Cinemax has been on a weird journey as part of the HBO family. Once nicknamed “Skinemax” for its selection of softcore pornography, HBO committed to rebranding the channel in the early 2010s as HBO-lite—a destination with compelling original content of its own. Its high point was The Knick, a series directed by Steven Soderbergh about a New York City hospital at the turn of the 20th century. The prestige series lasted two seasons and was nominated for several Emmys.

The channel then leaned more into pulpy action fare, with shows like Banshee, Warrior, and Jett. But despite being bundled with HBO in many US cable TV packages, Cinemax was never really able to move past its perception as an HBO-affiliated channel that plays movies and sometimes porn. Not long after AT&T purchased HBO, the longtime head of Cinemax programming, Kary Antholis, left the company.

Some cable TV providers, including Comcast, Charter, and Verizon Fios, had already unbundled Cinemax from HBO in the packages they offer customers—one big reason why WarnerMedia doesn’t feel the need to devote more resources to the channel.

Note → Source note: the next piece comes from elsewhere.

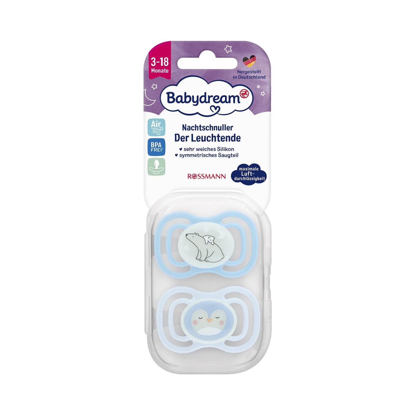 Simetrik emzik, doğal emme refleksini karşılar ve çene gelişimini destekler. Ekstra geniş açıklıklar sayesinde maksimum hava geçirgenliği sağlar. 180° döndürülebilir. Daha yoğun bir parlaklık etkisi için emziği kısa süreliğine gün ışığına veya lambanın altına yerleştirin (doğrudan güneş ışığından kaçının). Hijyenik mikrodalga hazırlığı için sterilizasyon kutusu dahildir.

But deciding to keep Cinemax original content away from HBO Max entirely proves WarnerMedia does not see the pay-cable channel as part of its future. The company is putting everything it has into the streaming service, which will spotlight each of the brands under its umbrella, from HBO to TNT and TBS to Cartoon Network—just apparently not Cinemax.

Perhaps WarnerMedia thinks the presence of Cinemax alongside “Max Originals” (the company’s branding for all original series made specifically for HBO Max) would confuse users. Either way, Cinemax, a relic of TV yesteryear, is just about dead as its parent company navigates a new age of television.